* _What this task involves_
Please give back exactly the line with "- قلنا: إِسناده" and each line after it through the end of the material, leaving out the pictures.

BEGIN Data for this exercise

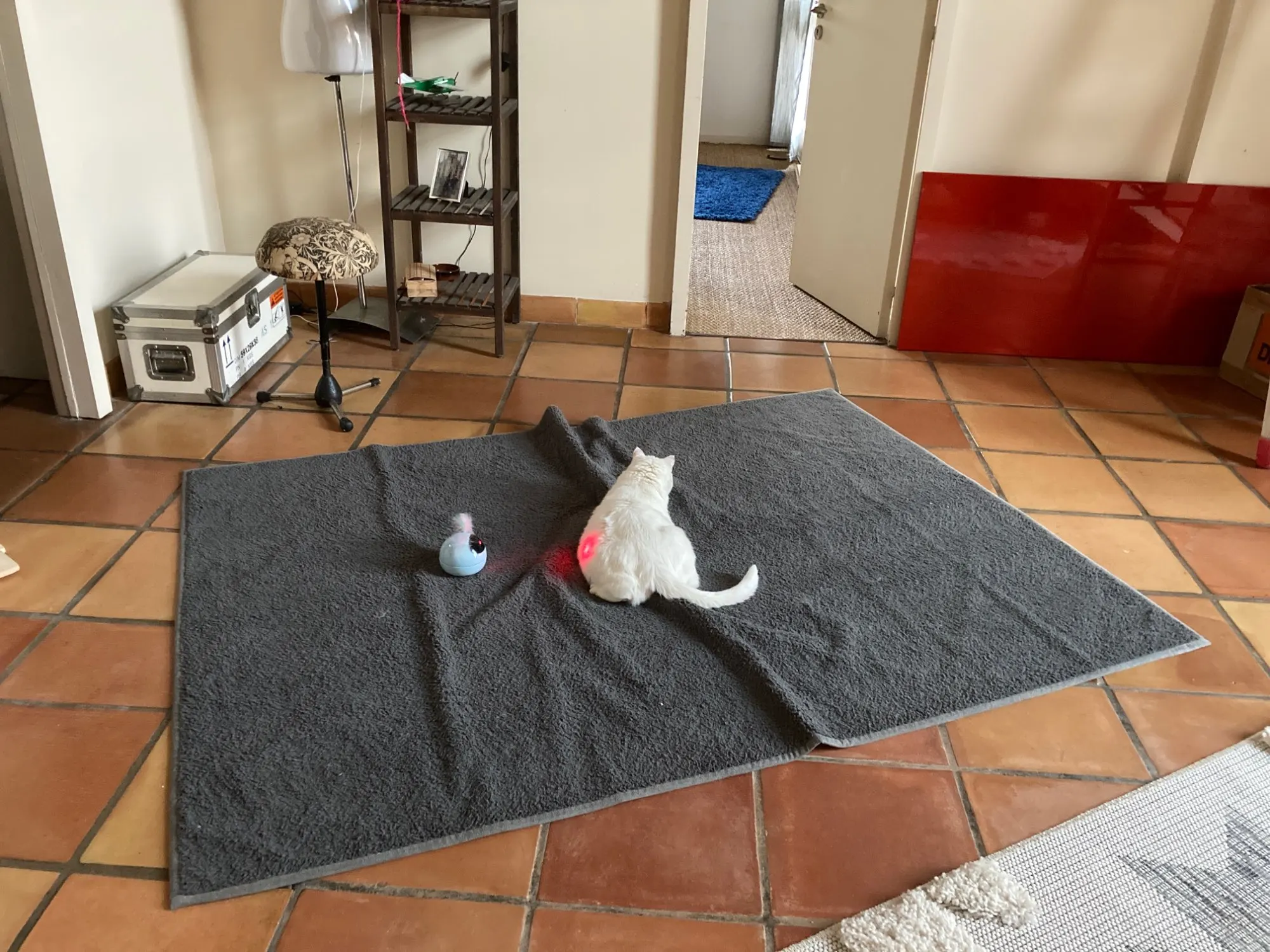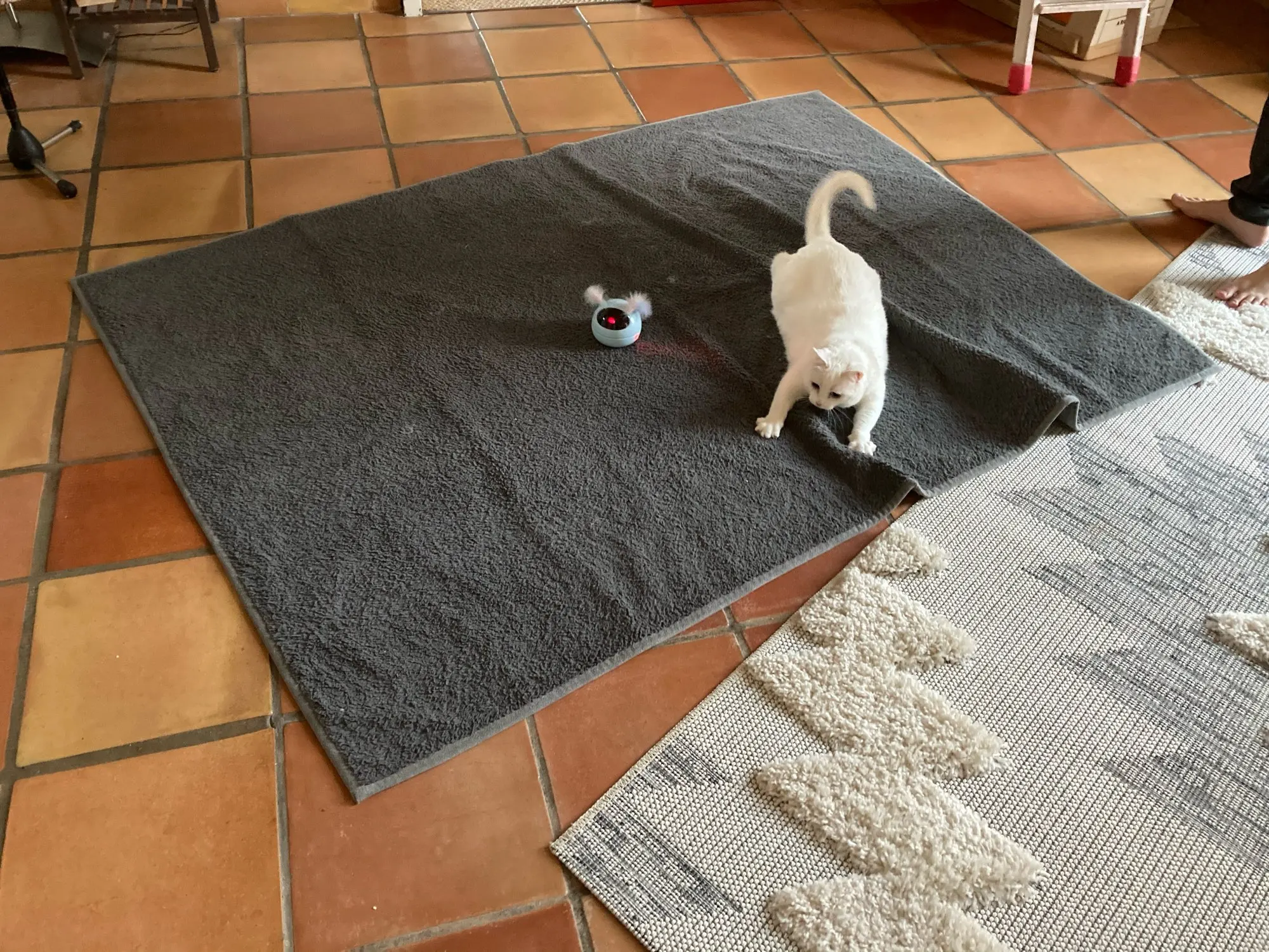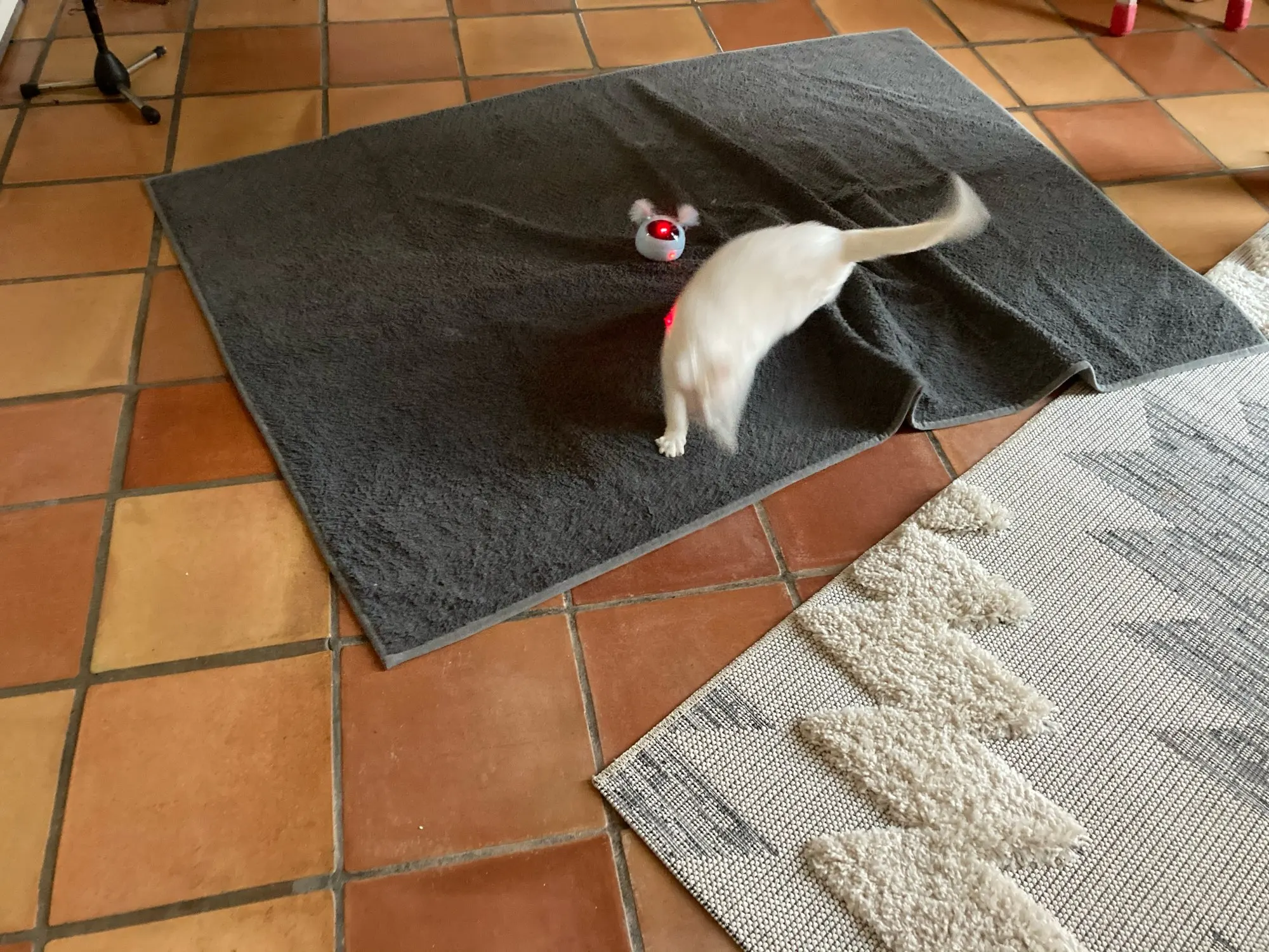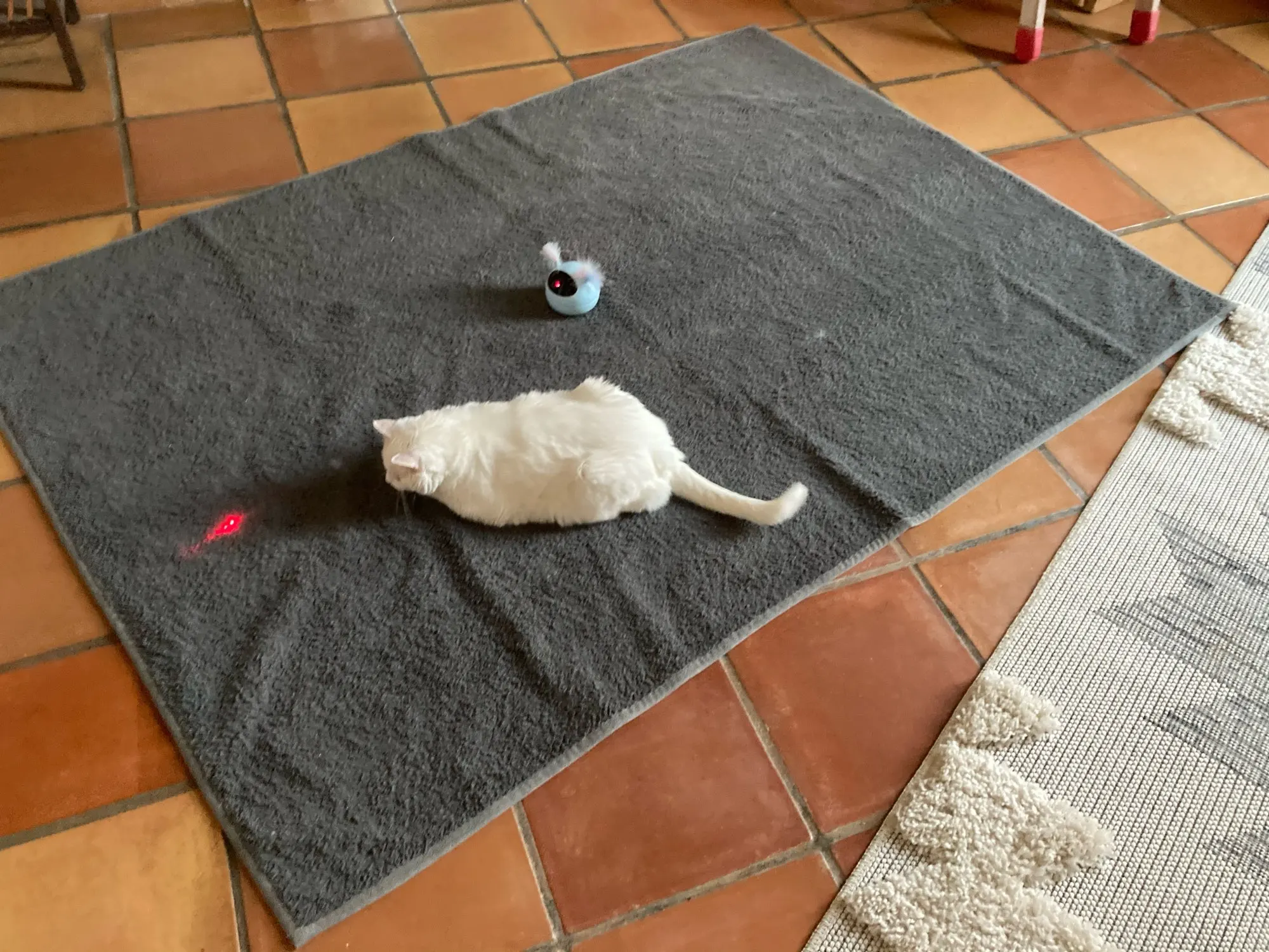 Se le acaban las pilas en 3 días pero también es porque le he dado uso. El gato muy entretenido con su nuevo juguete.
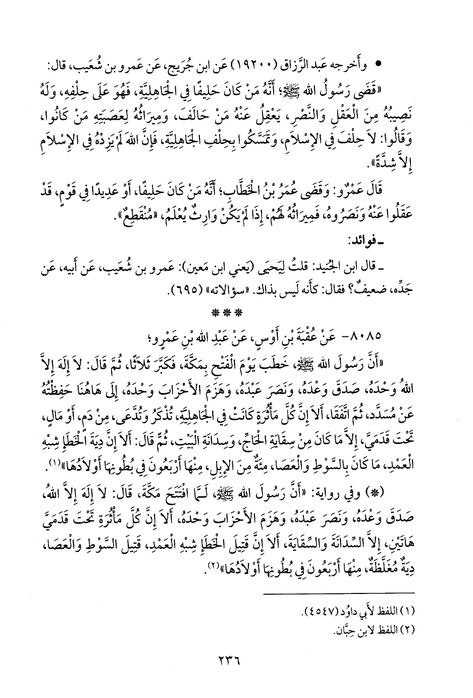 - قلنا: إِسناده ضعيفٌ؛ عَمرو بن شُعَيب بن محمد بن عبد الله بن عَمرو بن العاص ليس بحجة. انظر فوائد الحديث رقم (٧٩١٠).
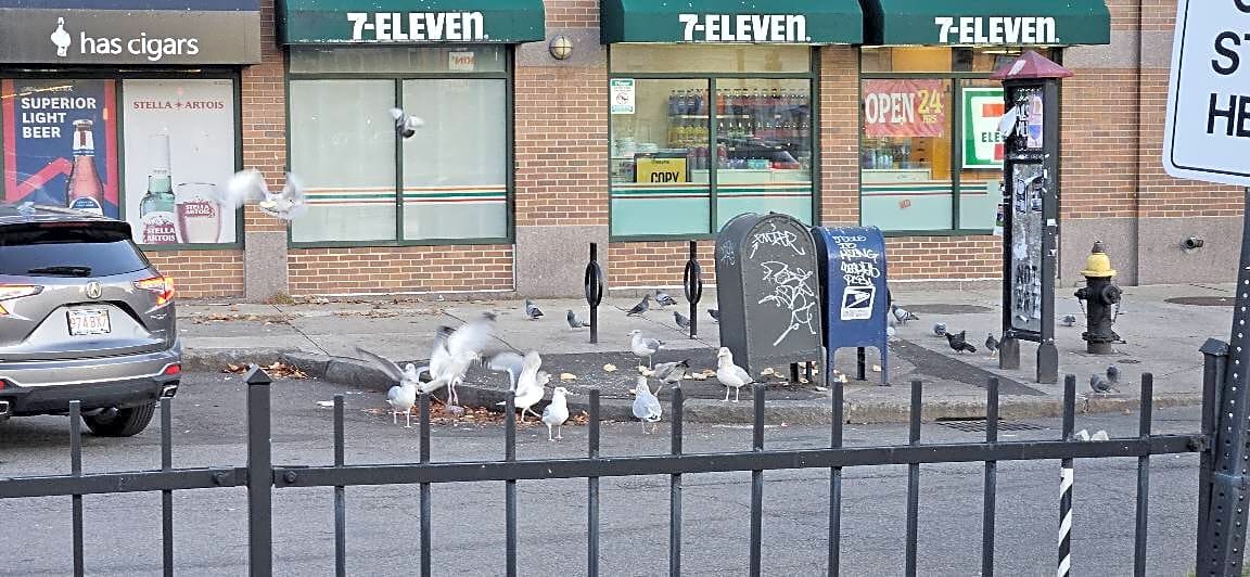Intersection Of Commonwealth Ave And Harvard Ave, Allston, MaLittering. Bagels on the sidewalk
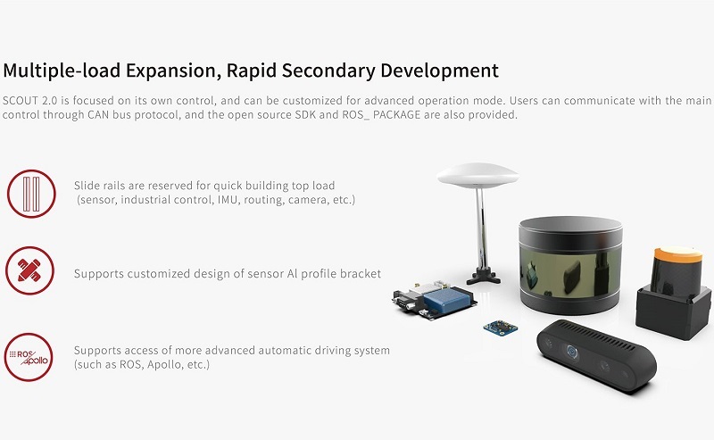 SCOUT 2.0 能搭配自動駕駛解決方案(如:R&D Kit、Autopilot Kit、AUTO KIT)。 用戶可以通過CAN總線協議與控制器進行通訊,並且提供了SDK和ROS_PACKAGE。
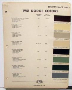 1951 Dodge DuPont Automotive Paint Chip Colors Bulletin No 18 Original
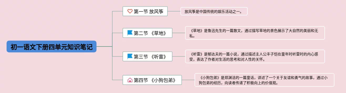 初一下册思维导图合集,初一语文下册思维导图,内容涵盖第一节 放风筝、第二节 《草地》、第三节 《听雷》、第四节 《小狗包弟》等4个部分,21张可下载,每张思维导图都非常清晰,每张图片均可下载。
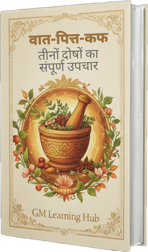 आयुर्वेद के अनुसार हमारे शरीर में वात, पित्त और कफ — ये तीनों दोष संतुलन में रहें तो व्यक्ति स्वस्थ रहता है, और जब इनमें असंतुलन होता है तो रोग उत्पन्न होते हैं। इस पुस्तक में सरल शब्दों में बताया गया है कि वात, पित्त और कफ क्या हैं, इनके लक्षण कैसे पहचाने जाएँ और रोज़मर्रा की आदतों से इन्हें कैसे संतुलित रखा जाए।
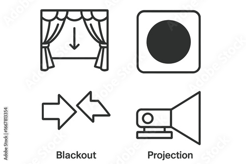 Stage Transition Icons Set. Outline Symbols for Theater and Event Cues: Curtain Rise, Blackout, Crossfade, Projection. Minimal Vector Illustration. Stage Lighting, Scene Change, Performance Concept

END Data for this exercise

* _Written solution_
 - قلنا: إِسناده ضعيفٌ؛ عَمرو بن شُعَيب بن محمد بن عبد الله بن عَمرو بن العاص ليس بحجة. انظر فوائد الحديث رقم (٧٩١٠).
Intersection Of Commonwealth Ave And Harvard Ave, Allston, MaLittering. Bagels on the sidewalk
 SCOUT 2.0 能搭配自動駕駛解決方案(如:R&D Kit、Autopilot Kit、AUTO KIT)。 用戶可以通過CAN總線協議與控制器進行通訊,並且提供了SDK和ROS_PACKAGE。
 1951 Dodge DuPont Automotive Paint Chip Colors Bulletin No 18 Original
 初一下册思维导图合集,初一语文下册思维导图,内容涵盖第一节 放风筝、第二节 《草地》、第三节 《听雷》、第四节 《小狗包弟》等4个部分,21张可下载,每张思维导图都非常清晰,每张图片均可下载。
 आयुर्वेद के अनुसार हमारे शरीर में वात, पित्त और कफ — ये तीनों दोष संतुलन में रहें तो व्यक्ति स्वस्थ रहता है, और जब इनमें असंतुलन होता है तो रोग उत्पन्न होते हैं। इस पुस्तक में सरल शब्दों में बताया गया है कि वात, पित्त और कफ क्या हैं, इनके लक्षण कैसे पहचाने जाएँ और रोज़मर्रा की आदतों से इन्हें कैसे संतुलित रखा जाए।
 Stage Transition Icons Set. Outline Symbols for Theater and Event Cues: Curtain Rise, Blackout, Crossfade, Projection. Minimal Vector Illustration. Stage Lighting, Scene Change, Performance Concept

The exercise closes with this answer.